Task instructions:
Once you find the line below that has "[Hengjia CF] Camiseta", output it and every line after it exactly, stopping after the line that has "要想获得智能功能,需要下载天", with no pictures.

Source data:
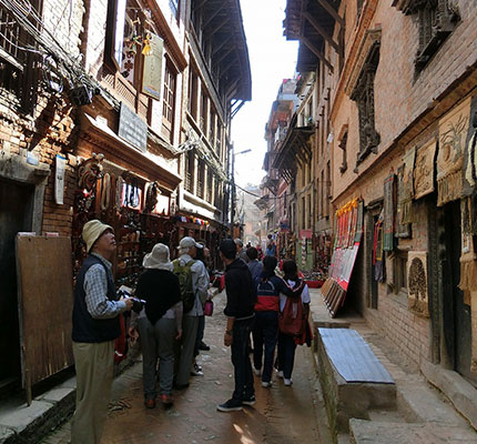中世のレンガで作られた街並みがそのまま残り、世界遺産のバクタプルの観光です。高く聳える五重塔(ニャタポラ寺院)、旧王宮、そして迷路のように入り組んだ路地裏にご案内。カトマンズに来たからには、ここは外せません。
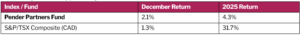 The Pender Partners Fund returned 2.1% in December, bringing YTD performance to +4.3%1. The Fund’s all-cap mandate provides flexibility to pursue mispriced opportunities across market segments and geographies. While broader market conditions appeared relatively stable, performance dispersion remained elevated, with returns driven by a narrow set of market leaders. In this environment, dispersion weighed on the Fund’s results. We view this as a reminder that periods of concentrated leadership can be challenging for diversified, active strategies, but also as the backdrop in which disciplined, bottom-up stock selection has historically created opportunity over time.
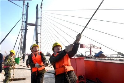 “再起來(lái)一點(diǎn),往左偏5公分,好,停……”在胡榮鵬的指揮下,一塊離水面40多米高的鋼梁被順利吊起。
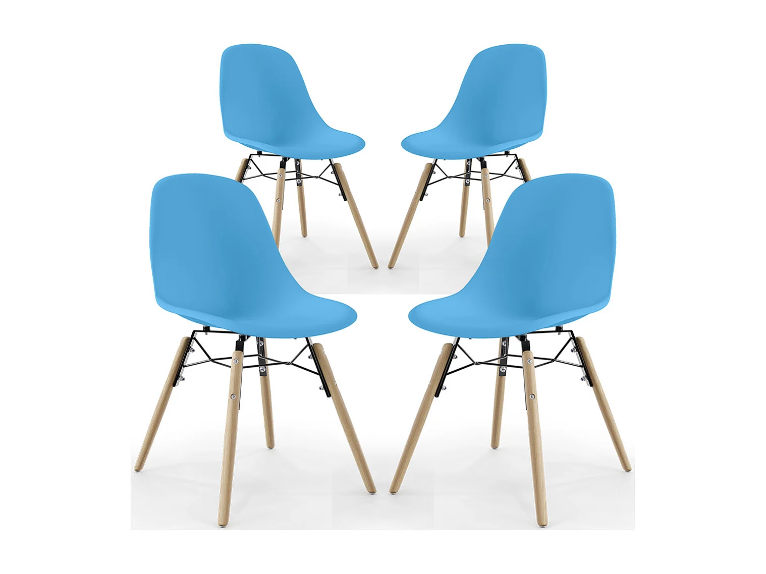 Chaise de Salle à Manger - Design Scandinave - Pieds en Bois - Lot de 4 - Skögur Bleu
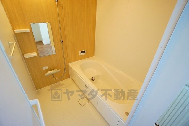 1日の疲れを癒すくつろぎのバスルーム。足を伸ばしてもゆったりと入れるサイズです。お子様と一緒にお風呂に入っても狭くないですね^^
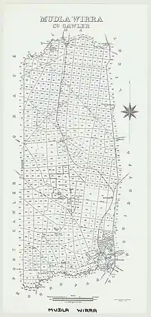 1. 1 2 "Placename Details: Hundred of Mudla Wirra". Property Location Browser. Government of South Australia. 29 January 2009. SA0047381. Archived from the original on 7 December 2015. Retrieved 6 November 2017. Other Details: Area 109 1/2 square miles. According to Noel Webb, Mudla Wirra is taken from Mudla meaning implements and Wirra meaning forest and therefore means a forest from which implements are taken.
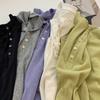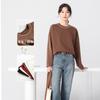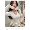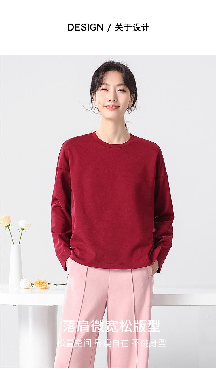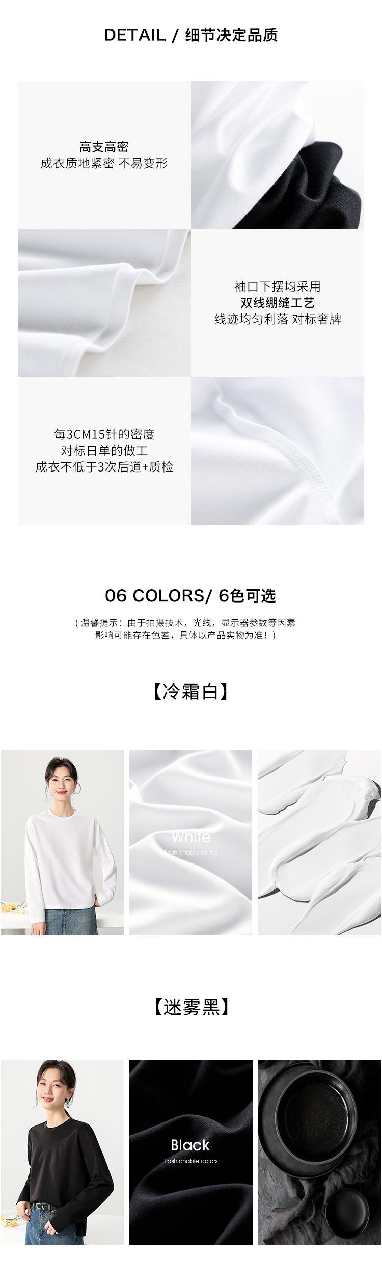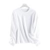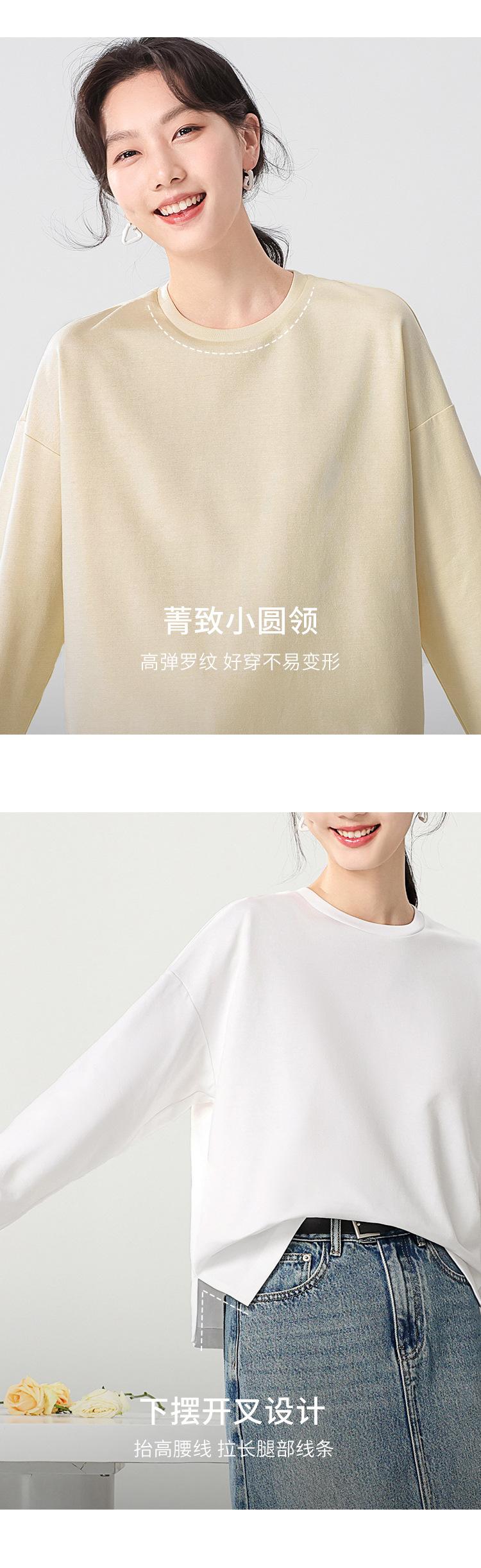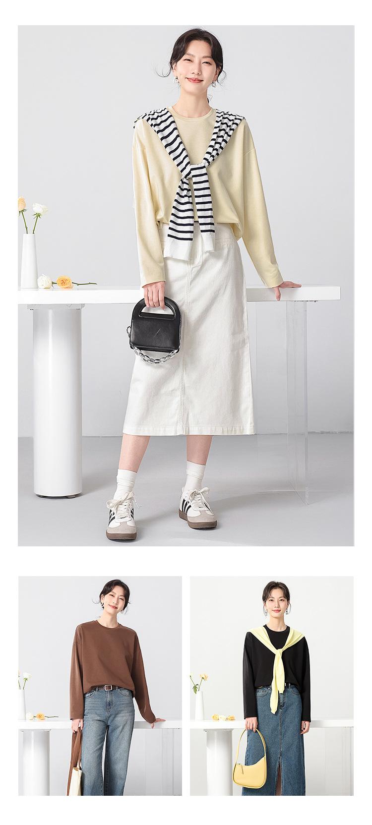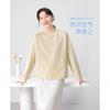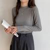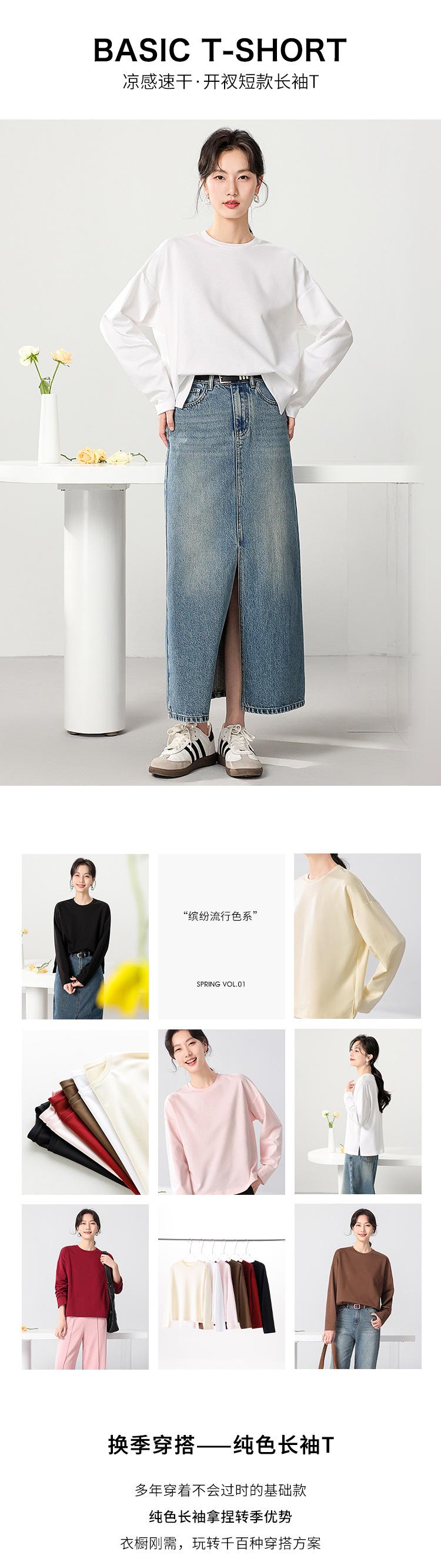 [Hengjia CF] Camiseta de color liso apilada para mujer, holgada, sencilla, fresca, con abertura, cuello redondo, adelgazante, manga corta y larga.
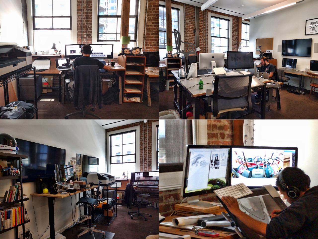 제임스: 제가 일하는 방에는 애니메이션 작업하는 사람들이 모여있고, 이쪽은 필름/비디오 작업하는 분들이 주로 이용하세요. 저흰 리모트가 워낙 많으니 작업물을 레코딩 해서 올려두고 커뮤니케이션하려고 만들어둔 공간이에요. 인터넷 마케팅 비디오 같은 것들도 많이 찍어요.
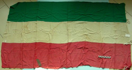 Tricolore a sviluppo orizzontale, con fascie cucite. Tre doppie fettucce per il fissaggio cucite su un lato corto.
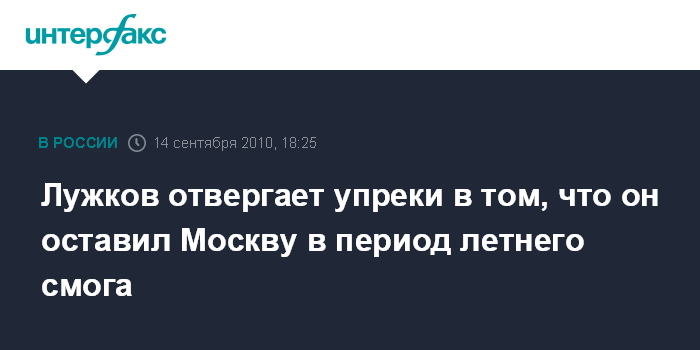 Лужков отвергает упреки в том, что он оставил Москву в период летнего смога
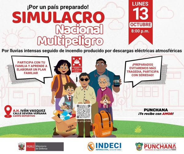 La Municipalidad Distrital de Punchana liderado por su alcalde Olmex Escalante, a través de la Unidad de Gestión de Riesgo de Desastres – Defensa Civil, invita a toda la población a participar activamente en el SIMULACRO NACIONAL MULTIPELIGRO POR LLUVIAS INTENSAS SEGUIDO DE INCENDIO PRODUCIDO POR DESCARGAS ELÉCTRICAS ATMOSFÉRICAS, que se desarrollará el:
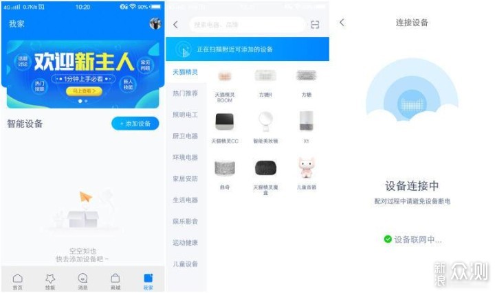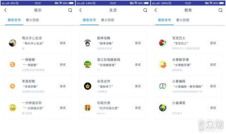 要想获得智能功能,需要下载天猫精灵App来联网,连接方式很简单,根据App中提示即可完成。App上提供有很多好玩有趣的功能,不仅有广播电台、播放新闻、讲笑话、任意点歌,还有小朋友的算数、编程和互动游戏等等。
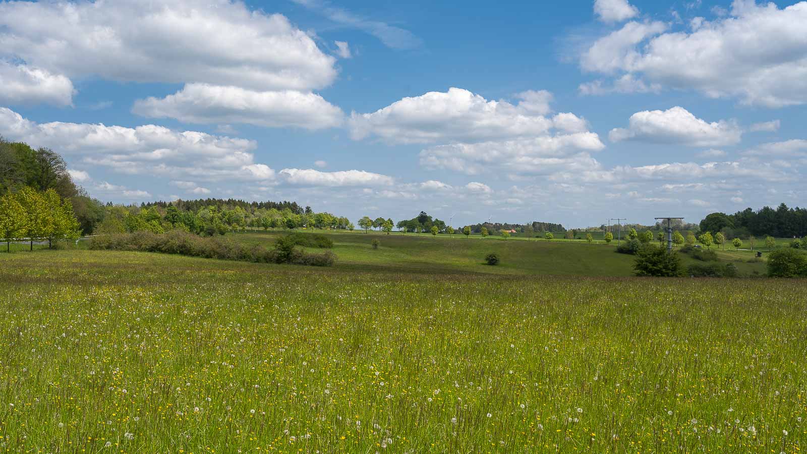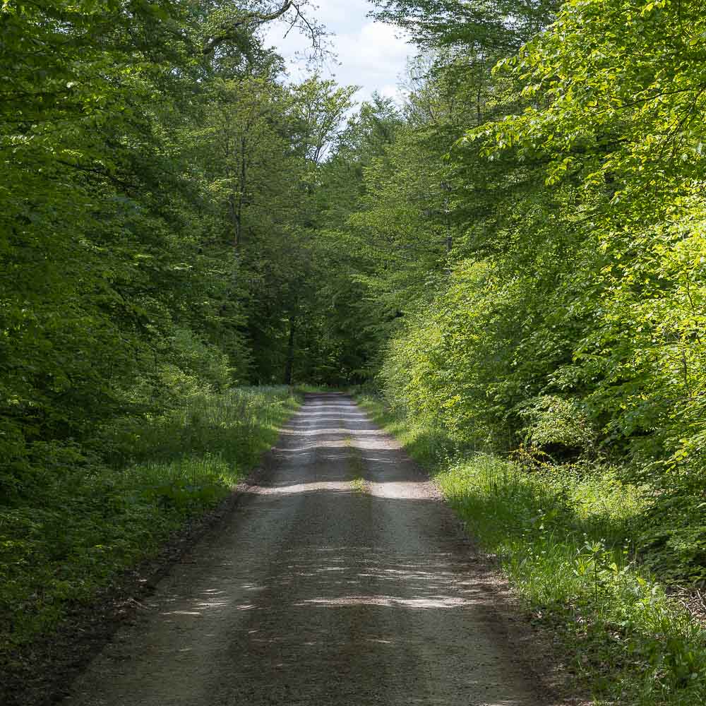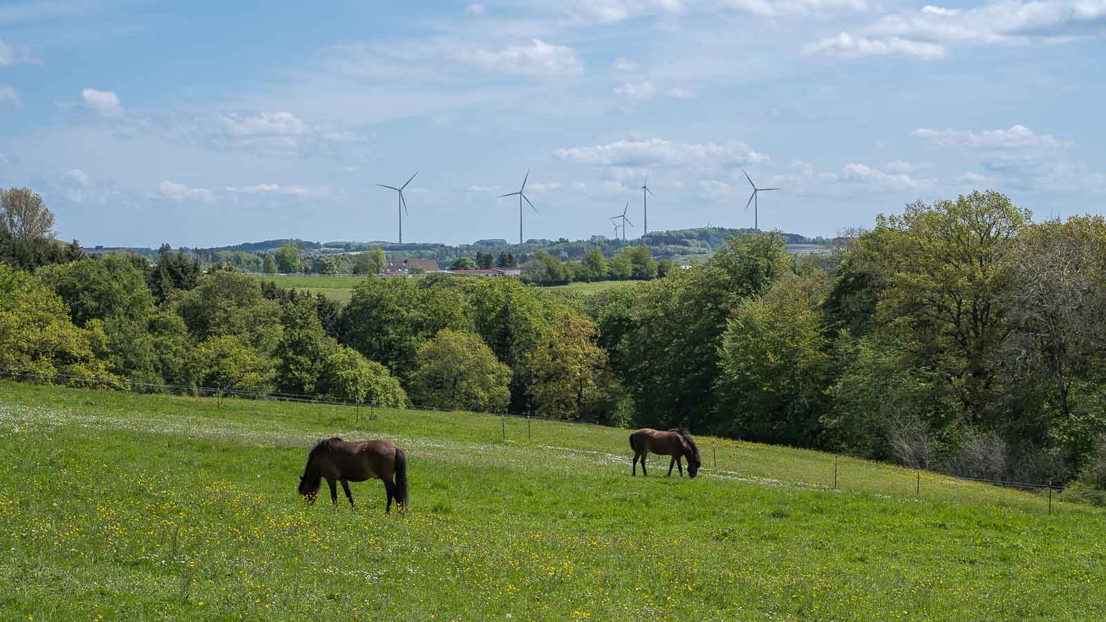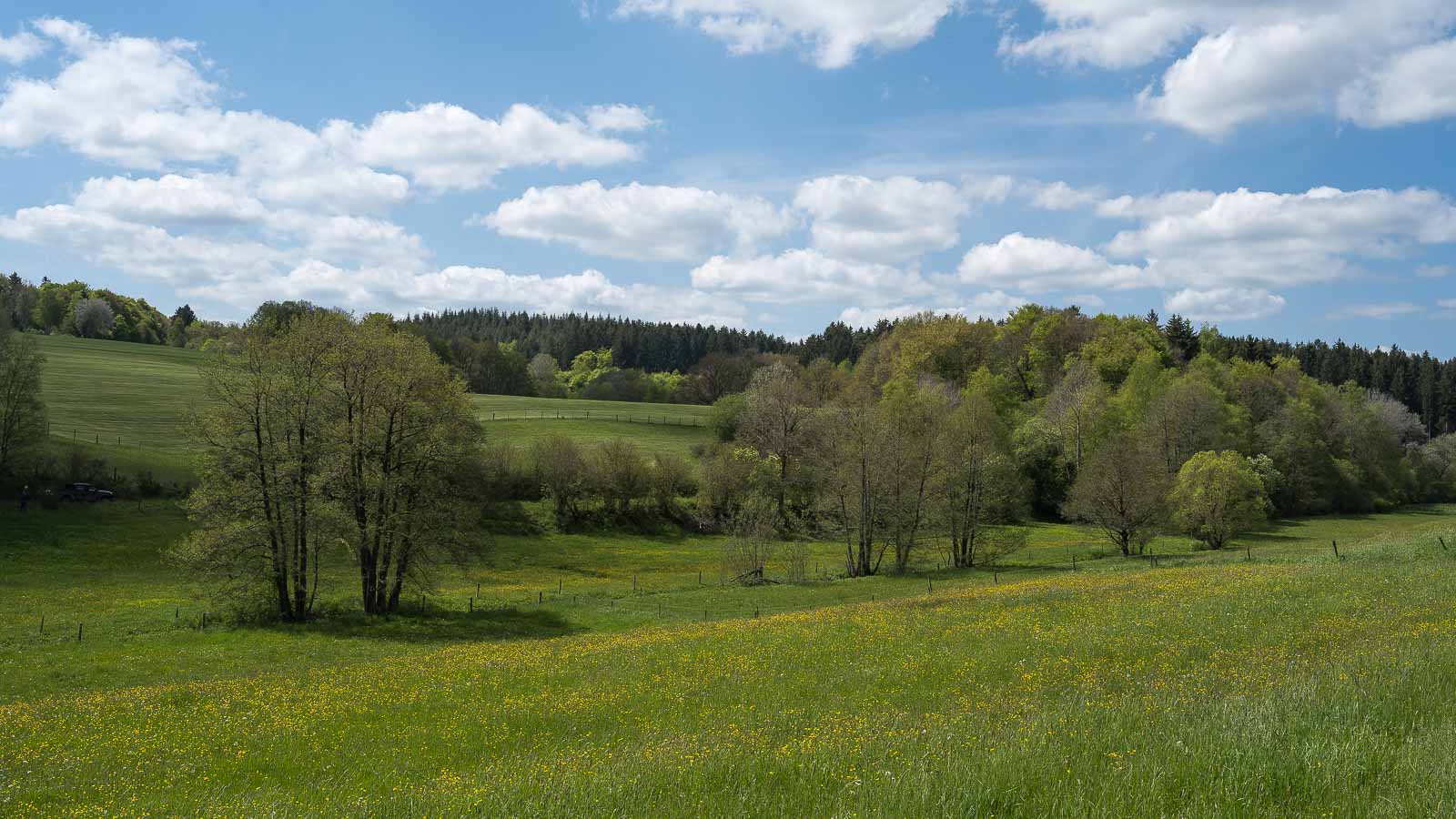 Die Wanderstrecke führt abwechselnd über offenes Gelände und durch den Wald. Das offene Gelände besteht überwiegend aus Wiesen, wir sahen nur wenig Ackerland. Das mag daran liegen das sich die Gegend auf einer Höhenlage von knapp über 500 m befindet und das Klima eher als herb zu bezeichnen ist. Auf den Weiden sahen wir viele Pferde und kaum Kühe. In den Wäldern dominierte Laubwald und im Gegensatz zum Bergischen Land sahen wir kaum tote Bäume und keinerlei wegen des Baumsterbens abgeholzten Freiflächen.

Completed task:
 [Hengjia CF] Camiseta de color liso apilada para mujer, holgada, sencilla, fresca, con abertura, cuello redondo, adelgazante, manga corta y larga.
 제임스: 제가 일하는 방에는 애니메이션 작업하는 사람들이 모여있고, 이쪽은 필름/비디오 작업하는 분들이 주로 이용하세요. 저흰 리모트가 워낙 많으니 작업물을 레코딩 해서 올려두고 커뮤니케이션하려고 만들어둔 공간이에요. 인터넷 마케팅 비디오 같은 것들도 많이 찍어요.
 Tricolore a sviluppo orizzontale, con fascie cucite. Tre doppie fettucce per il fissaggio cucite su un lato corto.
 Лужков отвергает упреки в том, что он оставил Москву в период летнего смога
 La Municipalidad Distrital de Punchana liderado por su alcalde Olmex Escalante, a través de la Unidad de Gestión de Riesgo de Desastres – Defensa Civil, invita a toda la población a participar activamente en el SIMULACRO NACIONAL MULTIPELIGRO POR LLUVIAS INTENSAS SEGUIDO DE INCENDIO PRODUCIDO POR DESCARGAS ELÉCTRICAS ATMOSFÉRICAS, que se desarrollará el:
 要想获得智能功能,需要下载天猫精灵App来联网,连接方式很简单,根据App中提示即可完成。App上提供有很多好玩有趣的功能,不仅有广播电台、播放新闻、讲笑话、任意点歌,还有小朋友的算数、编程和互动游戏等等。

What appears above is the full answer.